On Friday morning, I got to the gym five minutes early and braced myself for a claustrophobic’s nightmare: a teeming mass of tired, cramped, sweaty, fire-code-violating mosh pit of “Biola community” I keep hearing about. Attendance typically peaks at the beginning of the semester and dwindles to a more manageable level. The highest attendance this year was 2,096, which is far from the legal limit of 3,200.

Written by Rachelle Klemme

On Friday morning, I got to the gym five minutes early and braced myself for a claustrophobic’s nightmare: a teeming mass of tired, cramped, sweaty, fire-code-violating mosh pit of “Biola community” I keep hearing about.

Attendance typically peaks at the beginning of the semester and dwindles to a more manageable level. The highest attendance this year was 2,096, which is far from the legal limit of 3,200.

Yet before anyone thinks crowd safety concerns are overrated, think again. With Biola’s plans to increase enrollment, chapel crowding could turn into a long-term issue which extends past the first couple weeks of classes and becomes more serious in the near future. It presents a problem, not just of discomfort, but of safety in case of emergency.

The legal limit is simply the maximum that [the fire department feels] can exit safely from the gym, given the width of all the exit doors, said Ken Bascom, senior director of facilities planning and construction. “The fire department’s maximum should not be viewed as a practical capacity.” The real-world chapel capacity is “something in the neighborhood of 2,400.”

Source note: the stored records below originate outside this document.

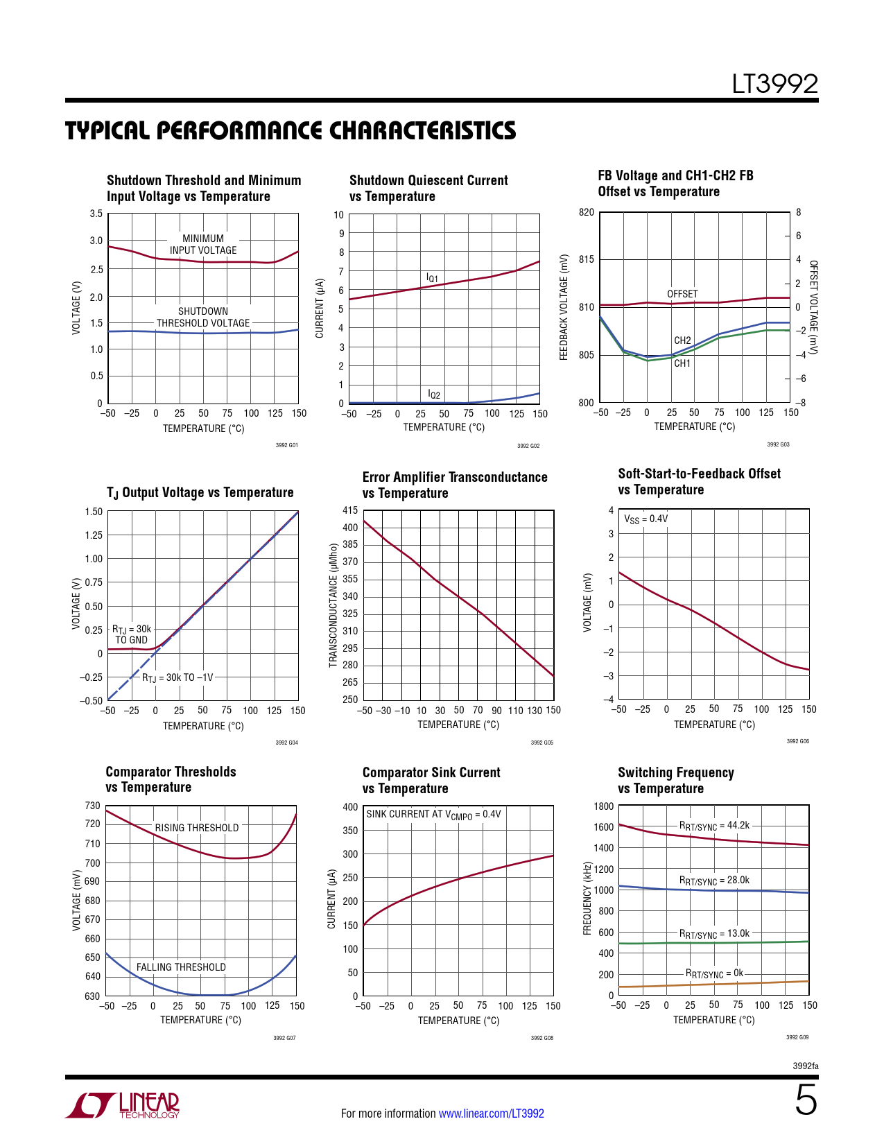 3.5 10 820 8 9 3.0 MINIMUM 6 INPUT VOLTAGE 8 OFFSET VOLTAGE (mV) 815 4 2.5 7 IQ1 2 6 2.0 OFFSET SHUTDOWN 5 810 0 1.5 THRESHOLD VOLTAGE VOLTAGE (V) 4 CURRENT (µA) –2 CH2 1.0 3 FEEDBACK VOLTAGE (mV) 805 –4 2 CH1 0.5 1 –6 IQ2 0 0 800 –8 –50 –25 0 25 50 75 100 125 150 –50 –25 0 25 50 75 100 125 150 –50 –25 0 25 50 75 100 125 150 TEMPERATURE (°C) TEMPERATURE (°C) TEMPERATURE (°C) 3992 G01 3992 G02 3992 G03
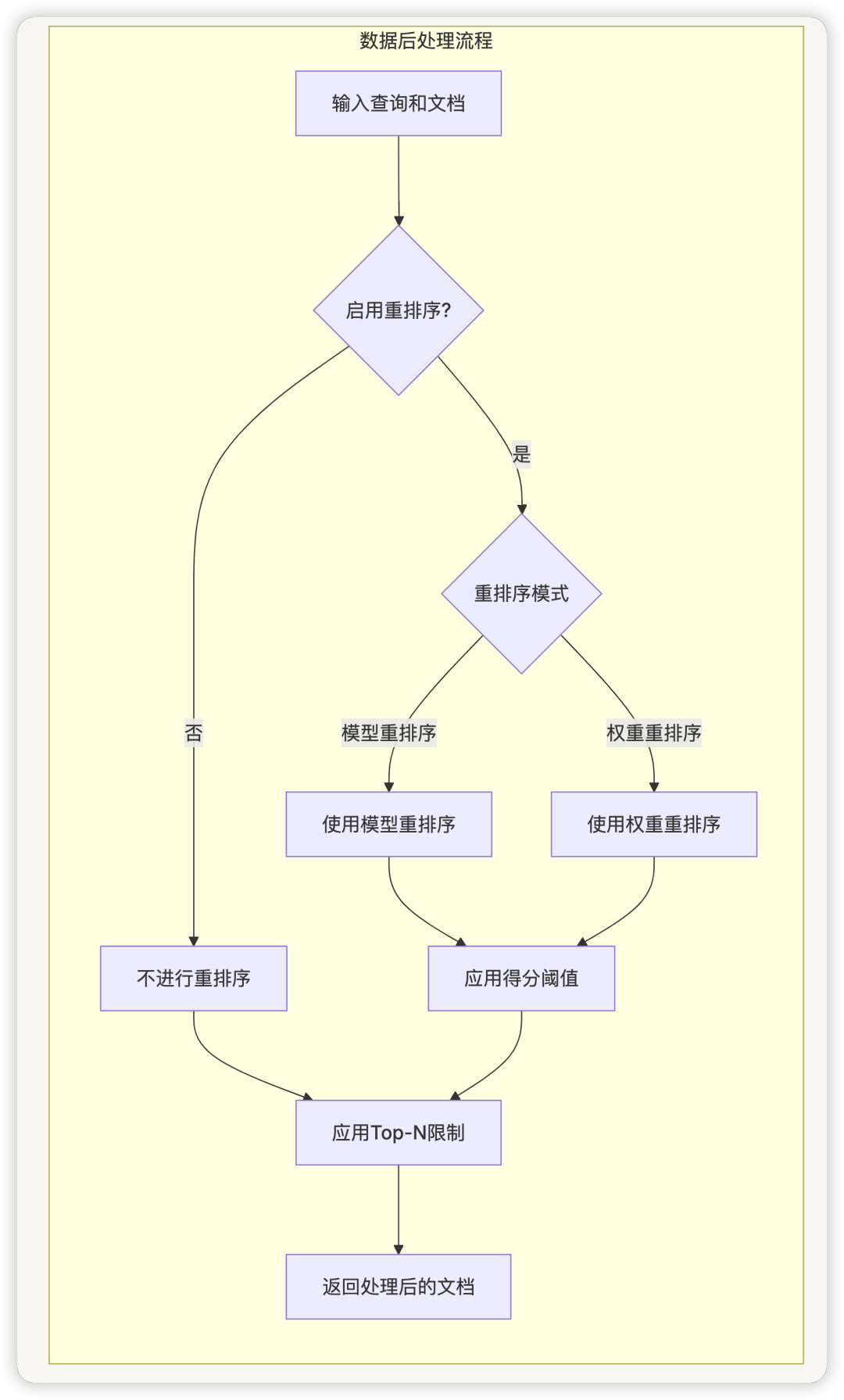 DataPostProcessor负责对检索结果进行后处理,包括重排序、去重和格式化。它支持多种重排序策略,可以根据不同场景进行配置。
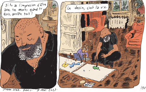 Sa religion ? le dessin. L’écriture ou la vie, le mantra de Jorge Semprún. Le dessin, c’est la vie, celui de Joann Sfar.
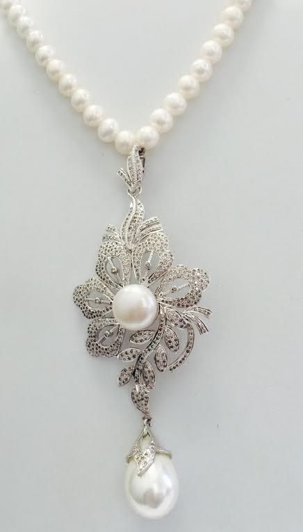 Gold & Sterling Silver Pendant & Earring with Diamond & Pearl
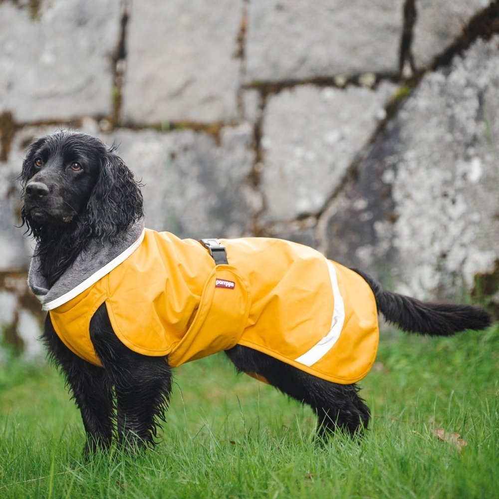 KevytPomppa on tyylikäs koiran välikausitakki, joka suojaa sateelta ja tuulelta. Takin pintakerros on vedenpitävää kalvokangasta 100 % kierrätetyistä PET-pulloista. Vuori on sähköistymätöntä neulosta, jonka pinnassa on pehmeä viimeistely – se ei sähköistä tai takuta koiran turkkia. Curry-väri antaa näkyvyyttä.   KevytPomppa, suomalaista osaamista Suomen sääolosuhteisiin KevytPomppa-koiran kuoritakki on suunniteltu suojaamaan koiraa kaikissa sääolosuhteissa tuulelta ja sateelta. Pitää koiran kuivana kaatosateellakin. Tarkoin harkitut yksityiskohdat ja muotoilu suojaavat koiraa mukavuudesta ja liikkuvuudesta tinkimättä. Suomessa suunniteltu Pomppa koiran takki on luotu Suomen sääolosuhteisiin.  KevytPomppa suojaa kolealla sadesäällä. Viluisen koiran sadetakki. Välikausitakki metsäretkistä kaupunkikävelyyn. Suojaa turkkia takkuuntumiselta ja likaantumiselta. Mahtuu pieneen tilaan ja kuivuu nopeasti. Kätevä ottaa mukaan esim. vaellukselle. Heijastimet kauluksessa ja takasaumassa tuovat näkyvyyttä pimeällä. Sopii käytettäväksi JumppaPompan päällä kuoritakkina. Takin suuri käännettävä kaulus suojaa koiran niskaa ja kaulaa. Suuri kaula-aukko antaa koiralle vapauden liikuttaa päätä ja kaulaa häiriöittä. Kauluksessa on taluttimelle valmis uloskulku, jonka läpi taluttimen voi laittaa kauluksen ollessa ylhäällä. Leikkaukset takin etu- ja takaosassa suojaavat koiran lihaksia ja antavat koiralle vapauden liikkua normaalisti. Hyvä muotoilu takaa hyvän istuvuuden, jolloin takki myötäilee koiran liikkeitä eikä esim. kuminauhoja tarvita pitämään takkia koiran päällä. Takin vatsakappale suojaa koko vatsan ja asettuu koiran vyötärölle pitämään takkia paikoillaan. Vatsakappaleen muotoilu sopii myös uroskoirille. Vatsakappaleen kiinnityslukko on kaareva, eikä paina tai hankaa koiraa. Materiaalit: Vedenpitävä pintakangas on 100 % kierrätetyistä PET-pulloista.  Vuori sähköistymätöntä neulosta pehmeällä viimeistelyllä, ei takuta turkkia. Hengittävyys 5000 g/m2/24 h, vedenpitäyys 5000 mm Pesuohjeet: 30 astetta hienopesu, ei linkousta, ei silitystä  Oikean takkikoon valinta KevytPompan malli on sama kuin PerusPompassa. Ohuemman sisävuoren vuoksi KevytPomppa on PerusPomppaa väljempi mitoitukseltaan. Pomppa-koiran vaatteiden koot on mitoitettu koiran selänpituuden mukaan. Selänpituus saadaan mittaamalla matka koiran kaulapannasta hännän tyveen. Valitse koirasi mittaa vastaava lähin kokonumero. Jos mitta osuu kokojen väliin, riippuu koon valinta käyttötarkoituksesta ja koiran tyypistä. Raskasrakenteinen, häntää alhaalla kantava koira valitsee isomman koon. Siro, pystyhäntäinen ja metsäkirmailuun takkia tarvitseva koira ottaa pienemmän koon.

This is especially problematic for the Torrey Memorial Bible Conference, now that there are 3,764 undergraduates, which is way over even the legal limit. In past years, there were always enough people who went home over the long weekend so the rest of us could find seats. The new conference rules, which mandate four physical presences, create a problem. Bascom says one or two overflow venues will be used. A video feed is also being discussed for the regular gym chapels, along with air conditioning. Though reinstating the 10:30 a.m. chapel is not on the table, it isn’t completely out of the question, now that it’s the vice president’s responsibility.

What underlies the discussion of chapel crowding are the new rules for required attendance. Plain and simple, Biola should not establish new policies if it does not have the resources to sensibly accommodate them. Those of us who are claustrophobic can attend Singspo, Talbot, Reconciliation, After Dark, and other alternate chapels that do not have crowding problems. But there is no getting around the conference without a probation. When “Biola community” comes to mean video feeds in separate venues, the new rules defeat their own purpose.

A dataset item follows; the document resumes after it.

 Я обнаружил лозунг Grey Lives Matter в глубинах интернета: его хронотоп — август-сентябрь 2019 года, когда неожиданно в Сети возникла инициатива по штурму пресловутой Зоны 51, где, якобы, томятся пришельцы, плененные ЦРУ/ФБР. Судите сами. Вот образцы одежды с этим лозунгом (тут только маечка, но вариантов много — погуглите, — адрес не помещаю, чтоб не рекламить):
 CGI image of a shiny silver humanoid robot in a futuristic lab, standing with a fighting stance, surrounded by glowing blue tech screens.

Even if crowding itself is not a problem, resentment is. I have overheard conversations that the feeling of students who obviously do not want to be at chapel, detracts from the worship experience of those who do. Some may decry “bad attitudes” or make even more rules, but it only creates problems for those who have good reasons for missing out.

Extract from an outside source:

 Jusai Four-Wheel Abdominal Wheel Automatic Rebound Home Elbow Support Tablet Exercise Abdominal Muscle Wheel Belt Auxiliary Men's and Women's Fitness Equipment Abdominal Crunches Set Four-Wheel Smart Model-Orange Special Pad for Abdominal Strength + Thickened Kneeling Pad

The nature of worship is that it cannot be forced. Community is damaged, not unified, when chapel attendance policies become a requirement to sit on a bleacher rather than a free opportunity for growth. Even if we assume that community spiritual development is a matter of enforcement, then for practical reasons, the rules should align with the existing facilities. Chapels and conferences were well attended before the new requirements. These requirements should be revoked and not brought up to the table again until the convocation center is built.